This is the one I hope never develops. Ever.
So, you see, writer’s block isn’t just an excuse for when a writer can’t write, it’s an affliction. A detrimental affliction, one that can ruin your career in more ways than one. You try to hide it because you can lose your agent, your contract, and your readership… but in doing so you’re jeopardizing the very same things. So you publicize it. You get ridiculed. You start to get your muse back, and your publisher gives you a release date, then your muse gives you fits, you need to make major revisions, or life gets in the way or your publisher changes that date, so your readership gets annoyed and ridicules you some more. Then, for whatever reason, your release date gets pushed back again, and your readership gets more annoyed.
What can you do? What should you do? Do you update your website or send out an announcement each time the date gets pushed back even though you have no new release date to give to the readers? Or do you stay quiet, try to get your muse into check, finish the book or revisions and get them to your editor?
Me, I’d chose the latter. Why? Because if I have nothing definite, I’m not going to give out false hope for a time frame for release, and if my muse has still only partially returned, I’m not going to be able to explain that, and who knows if he or she is going to go back into hiding… especially if you go public and you get chastised or ridiculed once again. I think my muse would then be gone permanently. So basically, no news is just that–no news.
What’s the point of this post? Well, to an author, their muse is what helps them write a story. And a muse is a fickle thing.

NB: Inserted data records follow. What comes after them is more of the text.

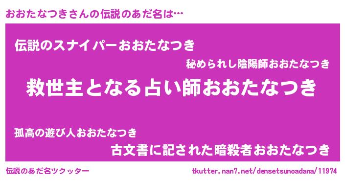 | 男性向けラノベタイトル風あだ名 | 『おおたなつき~年齢イコール彼女いない歴の魔法使い~』 |
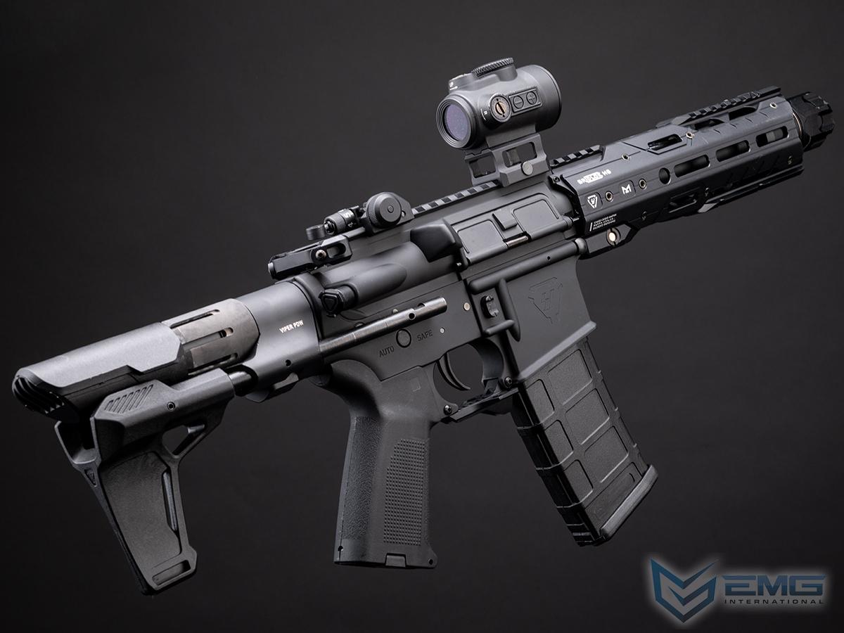 6mmProShop Strike Industries Licensed M4 Airsoft AEG Rifle w/ GRIDLOK® Handguard System by E&C (Color: Black PDW / 8.5" RIS / 350 FPS)
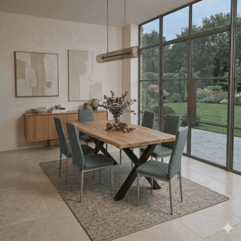 Haut fibre de bois recouvert de papier décor, et piètement en métal
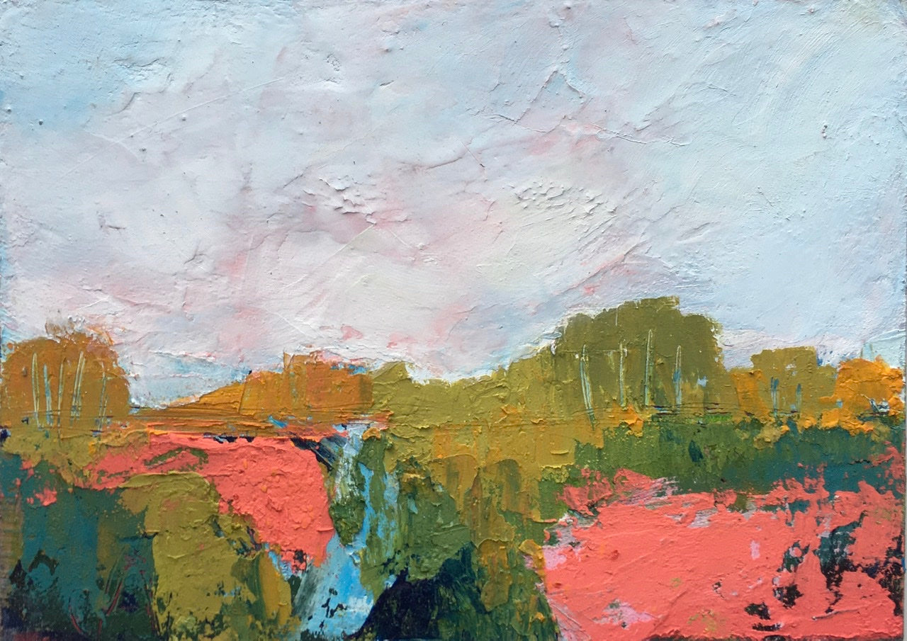 “Into the Sunset " is a cold wax and oil painting done on hardboard.
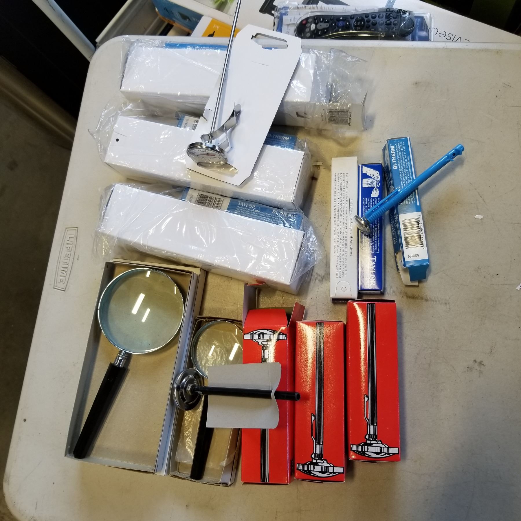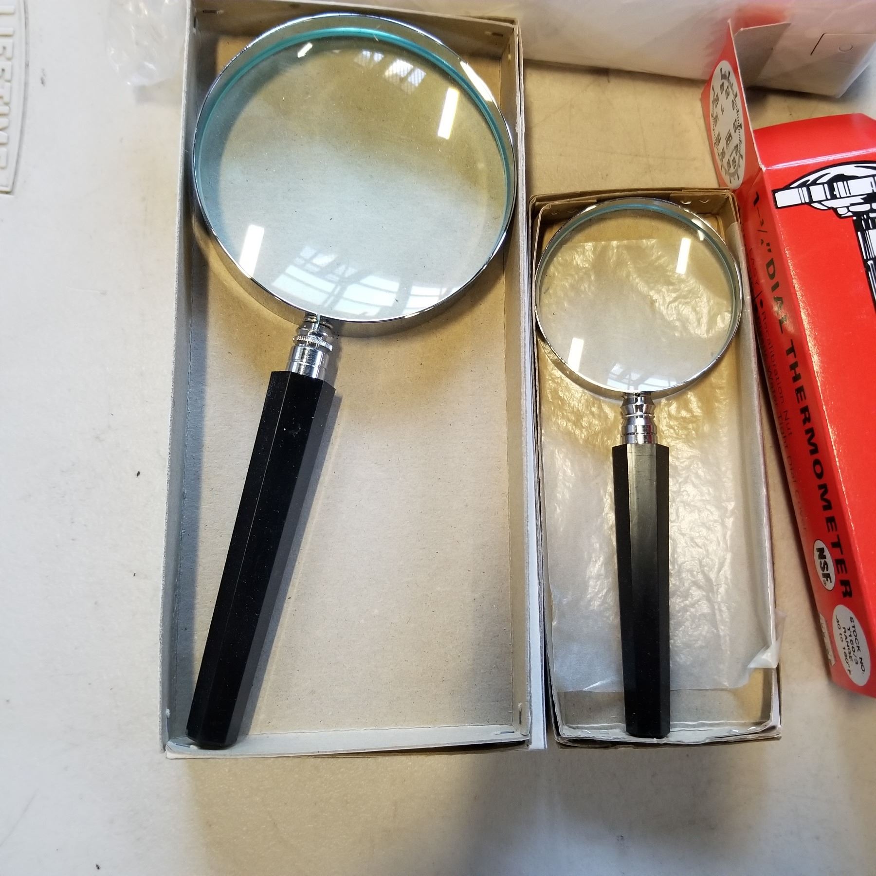 3 MAGNIFYING GLASSES AND 12 PORTABLE THERMOMETERS

If the author gets insecure, feels doubt with regard to their abilities or their talent, or feels the fear of failure, the muse will be the first thing affected, and it can be affected in a very unfavorable way.
So, if you know an author who is experiencing publishing delays for reasons that are known or unknown, be patient with them please. They are doing their very best. They don’t mean to anger you, the reader. They’re just trying their damnedest to get you the story you deserve, one that is worthy of publication versus one that was rushed and doesn’t measure up.
As a reader myself, I’d rather wait for the quality version than get the rushed version one.
Thoughts? Opinions?



























February 18th, 2008 at 8:01 am
[...] Talking about writer’s block…when your muse takes a snooze.   Stop by and give me your thoughts. I’d love to hear from you. Marissa @ 9:01 [...]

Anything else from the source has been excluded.